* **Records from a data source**
-- Opening Marker --

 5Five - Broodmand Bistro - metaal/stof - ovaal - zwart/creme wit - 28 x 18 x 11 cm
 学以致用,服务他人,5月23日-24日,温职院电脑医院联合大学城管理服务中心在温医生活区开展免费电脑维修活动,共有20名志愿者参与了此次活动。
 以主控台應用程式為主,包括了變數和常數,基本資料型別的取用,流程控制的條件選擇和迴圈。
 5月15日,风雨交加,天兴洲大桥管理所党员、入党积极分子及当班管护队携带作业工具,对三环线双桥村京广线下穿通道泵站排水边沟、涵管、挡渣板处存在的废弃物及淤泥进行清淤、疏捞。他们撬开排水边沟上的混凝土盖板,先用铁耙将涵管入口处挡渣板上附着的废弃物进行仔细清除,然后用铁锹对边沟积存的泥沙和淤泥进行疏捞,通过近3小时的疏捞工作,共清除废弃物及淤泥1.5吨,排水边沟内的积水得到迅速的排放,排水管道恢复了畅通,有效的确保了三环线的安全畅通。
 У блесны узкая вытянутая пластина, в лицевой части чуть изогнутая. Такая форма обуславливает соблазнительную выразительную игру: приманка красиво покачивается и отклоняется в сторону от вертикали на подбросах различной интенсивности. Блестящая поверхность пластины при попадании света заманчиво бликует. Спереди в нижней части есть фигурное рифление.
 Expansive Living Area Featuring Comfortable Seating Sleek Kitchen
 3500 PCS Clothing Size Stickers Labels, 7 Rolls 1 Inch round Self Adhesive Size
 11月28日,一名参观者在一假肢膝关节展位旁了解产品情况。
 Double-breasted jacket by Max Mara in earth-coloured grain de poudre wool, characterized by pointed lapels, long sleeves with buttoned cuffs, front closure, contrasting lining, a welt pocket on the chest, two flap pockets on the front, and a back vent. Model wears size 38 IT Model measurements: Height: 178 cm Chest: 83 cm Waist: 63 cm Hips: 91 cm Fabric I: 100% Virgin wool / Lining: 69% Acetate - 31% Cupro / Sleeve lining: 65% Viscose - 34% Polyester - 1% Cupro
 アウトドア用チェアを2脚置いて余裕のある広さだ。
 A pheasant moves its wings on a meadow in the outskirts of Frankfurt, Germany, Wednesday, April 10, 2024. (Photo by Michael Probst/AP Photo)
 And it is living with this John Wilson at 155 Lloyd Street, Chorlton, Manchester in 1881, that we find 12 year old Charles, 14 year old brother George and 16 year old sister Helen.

-- Closing Marker --

* **What is required**
Write down all the entries again without a single difference.

* **Written solution**
 5Five - Broodmand Bistro - metaal/stof - ovaal - zwart/creme wit - 28 x 18 x 11 cm
 学以致用,服务他人,5月23日-24日,温职院电脑医院联合大学城管理服务中心在温医生活区开展免费电脑维修活动,共有20名志愿者参与了此次活动。
 以主控台應用程式為主,包括了變數和常數,基本資料型別的取用,流程控制的條件選擇和迴圈。
 5月15日,风雨交加,天兴洲大桥管理所党员、入党积极分子及当班管护队携带作业工具,对三环线双桥村京广线下穿通道泵站排水边沟、涵管、挡渣板处存在的废弃物及淤泥进行清淤、疏捞。他们撬开排水边沟上的混凝土盖板,先用铁耙将涵管入口处挡渣板上附着的废弃物进行仔细清除,然后用铁锹对边沟积存的泥沙和淤泥进行疏捞,通过近3小时的疏捞工作,共清除废弃物及淤泥1.5吨,排水边沟内的积水得到迅速的排放,排水管道恢复了畅通,有效的确保了三环线的安全畅通。
 У блесны узкая вытянутая пластина, в лицевой части чуть изогнутая. Такая форма обуславливает соблазнительную выразительную игру: приманка красиво покачивается и отклоняется в сторону от вертикали на подбросах различной интенсивности. Блестящая поверхность пластины при попадании света заманчиво бликует. Спереди в нижней части есть фигурное рифление.
 Expansive Living Area Featuring Comfortable Seating Sleek Kitchen
 3500 PCS Clothing Size Stickers Labels, 7 Rolls 1 Inch round Self Adhesive Size
 11月28日,一名参观者在一假肢膝关节展位旁了解产品情况。
 Double-breasted jacket by Max Mara in earth-coloured grain de poudre wool, characterized by pointed lapels, long sleeves with buttoned cuffs, front closure, contrasting lining, a welt pocket on the chest, two flap pockets on the front, and a back vent. Model wears size 38 IT Model measurements: Height: 178 cm Chest: 83 cm Waist: 63 cm Hips: 91 cm Fabric I: 100% Virgin wool / Lining: 69% Acetate - 31% Cupro / Sleeve lining: 65% Viscose - 34% Polyester - 1% Cupro
 アウトドア用チェアを2脚置いて余裕のある広さだ。
 A pheasant moves its wings on a meadow in the outskirts of Frankfurt, Germany, Wednesday, April 10, 2024. (Photo by Michael Probst/AP Photo)
 And it is living with this John Wilson at 155 Lloyd Street, Chorlton, Manchester in 1881, that we find 12 year old Charles, 14 year old brother George and 16 year old sister Helen.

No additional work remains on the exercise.